Counting

Let p be a permutation of some m-element set. Suppose p can be expressed as the product of c(p) disjoint cycles. If, for some integer n (at least m) we sum sgn(p)n^c(p) over all of the permutations of the m-element set, we get (n choose m)*m!. Prove this -- if you look at it a bit, it seems pretty intuitive, but writing it clearly is tricky.

Originally posted by royalchicken
Let p be a permutation of some m-element set. Suppose p can be expressed as the product of c(p) disjoint cycles. If, for some integer n (at least m) we sum sgn(p)n^c(p) over all of the permutations of the m-element set, we get (n choose m)*m!. Prove this -- if you look at it a bit, it seems pretty intuitive, but writing it clearly is tricky.
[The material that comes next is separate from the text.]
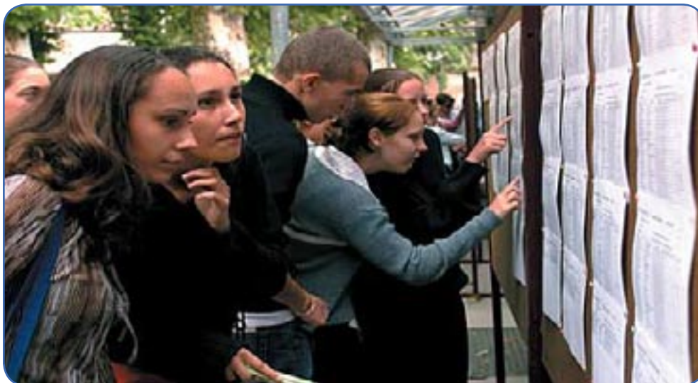
Le Bac Blanc, un bon test pour mesurer ses compétences

N 'en déplaise à certains, le fameux bac blanc a bien eu lieu au lycée Guillaume Apollinaire de Nice.

I didnt understand what you said.

Originally posted by royalchicken
[b If you look at it a bit, it seems pretty intuitive, but writing it clearly is tricky.[/b]

Yeah, I mean, I solved this pathetically easy problem, but I mean...writing it is just too hard for me.....Or was it reading it.....

After 3 years of colloege algebra I understand the question right up until you start talking about sgn. WTF is that. I think you might want to ask your lecturer this.

Originally posted by Virak
After 3 years of colloege algebra I understand the question right up until you start talking about sgn. WTF is that. I think you might want to ask your lecturer this.

It's the signature of the permutation; I'm not asking for help with coursework; this is not a coursework problem. I've proved it, but given that it's something I thought of and not something someone told me, my proof could be erroneous and it may not be true at all. I'll look at my argument again, although I'm fairly sure it's legit.